RECORDS FOR THE EXERCISE Block Start
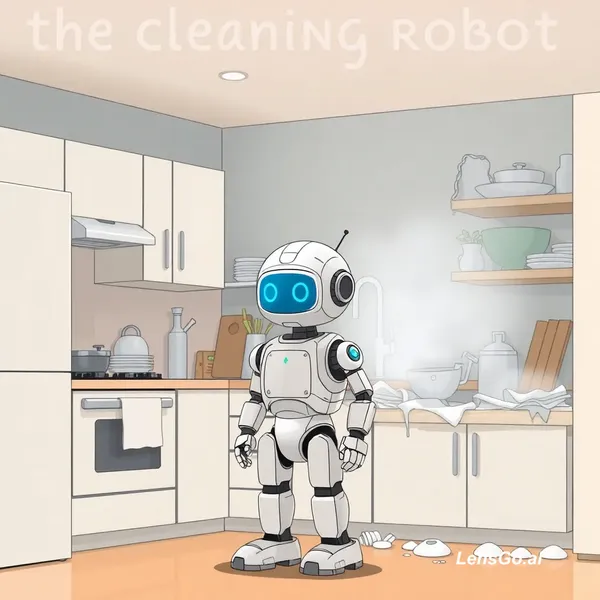 AI Image: תעשה לי סרטון של זה 🎬 The Cleaning Robot 🎥 Scene 1 Prompt for AI: "Small home kitchen, friendly ho
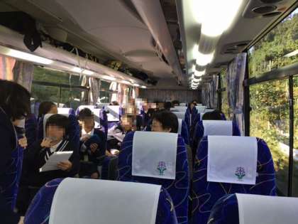 バスの中ではみんなで計画したレクリエーションが行われ、盛り上がりを見せています。道中も大きな渋滞がなく順調に休憩場所である上野ドライブインへ到着しました。
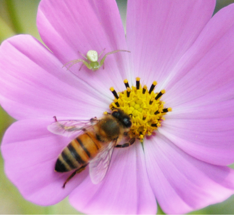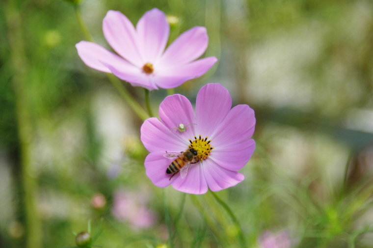 코스모스 꽃의 거미와 벌을 촬영을 해보았습니다.
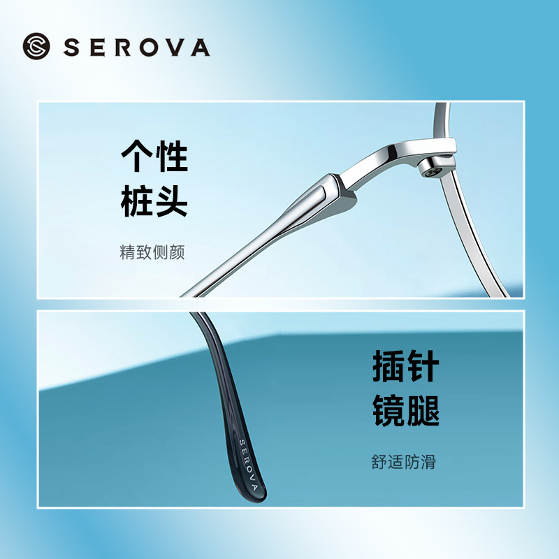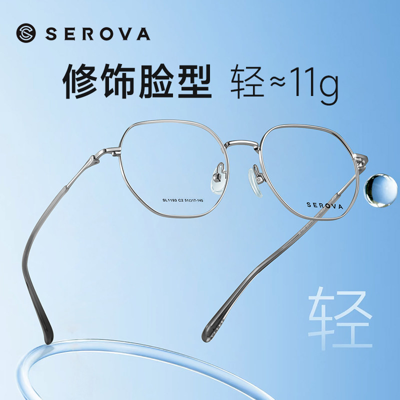 SEROVA施洛华眼镜超轻银色男女高级感多边形框近视眼镜架SL1193
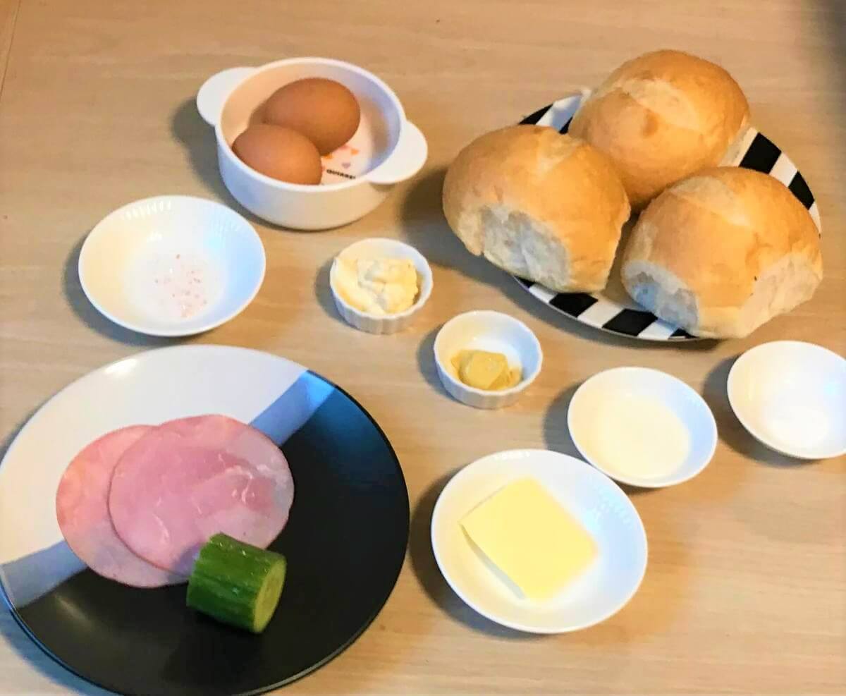 - 丸パン…3個(切れ込みを入れておく)
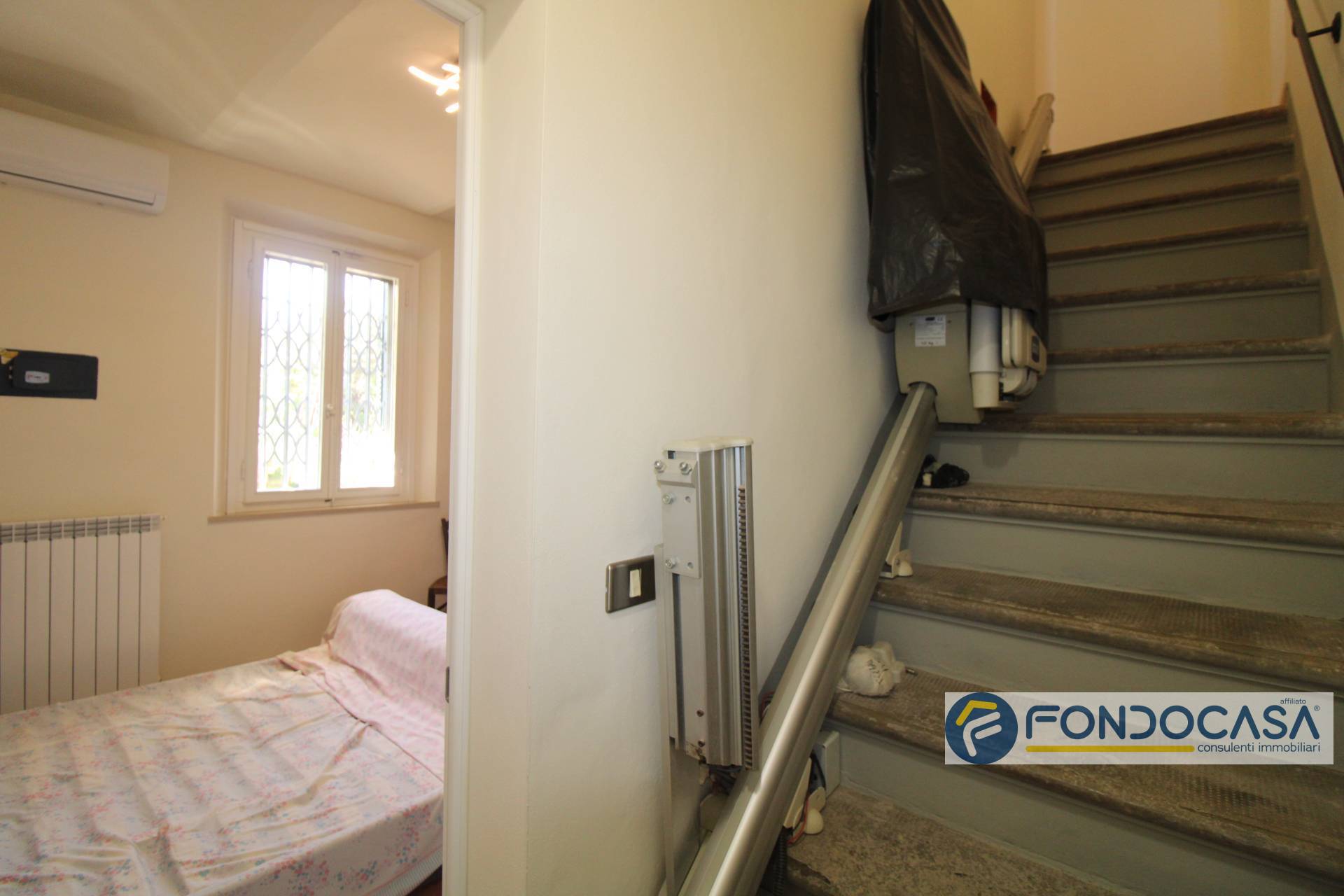L'ingresso al primo piano dal disimpegno accediamo alla prima camera da letto matrimoniale, al piano superiore abbiamo la cucina abitabile completa di tutti gli elettrodomestici e arredata con gusto e funzionalità, il bagno con finestra e doccia, la seconda camera da letto matrimoniale con balcone e un bagno di servizio finestrato.
RECORDS FOR THE EXERCISE Block End
> **TASK TO COMPLETE**:
With the pictures omitted, the records above are to be repeated exactly.

> **YOUR SOLUTION**:
 AI Image: תעשה לי סרטון של זה 🎬 The Cleaning Robot 🎥 Scene 1 Prompt for AI: "Small home kitchen, friendly ho
 バスの中ではみんなで計画したレクリエーションが行われ、盛り上がりを見せています。道中も大きな渋滞がなく順調に休憩場所である上野ドライブインへ到着しました。
 코스모스 꽃의 거미와 벌을 촬영을 해보았습니다.
 SEROVA施洛华眼镜超轻银色男女高级感多边形框近视眼镜架SL1193
 - 丸パン…3個(切れ込みを入れておく)
L'ingresso al primo piano dal disimpegno accediamo alla prima camera da letto matrimoniale, al piano superiore abbiamo la cucina abitabile completa di tutti gli elettrodomestici e arredata con gusto e funzionalità, il bagno con finestra e doccia, la seconda camera da letto matrimoniale con balcone e un bagno di servizio finestrato.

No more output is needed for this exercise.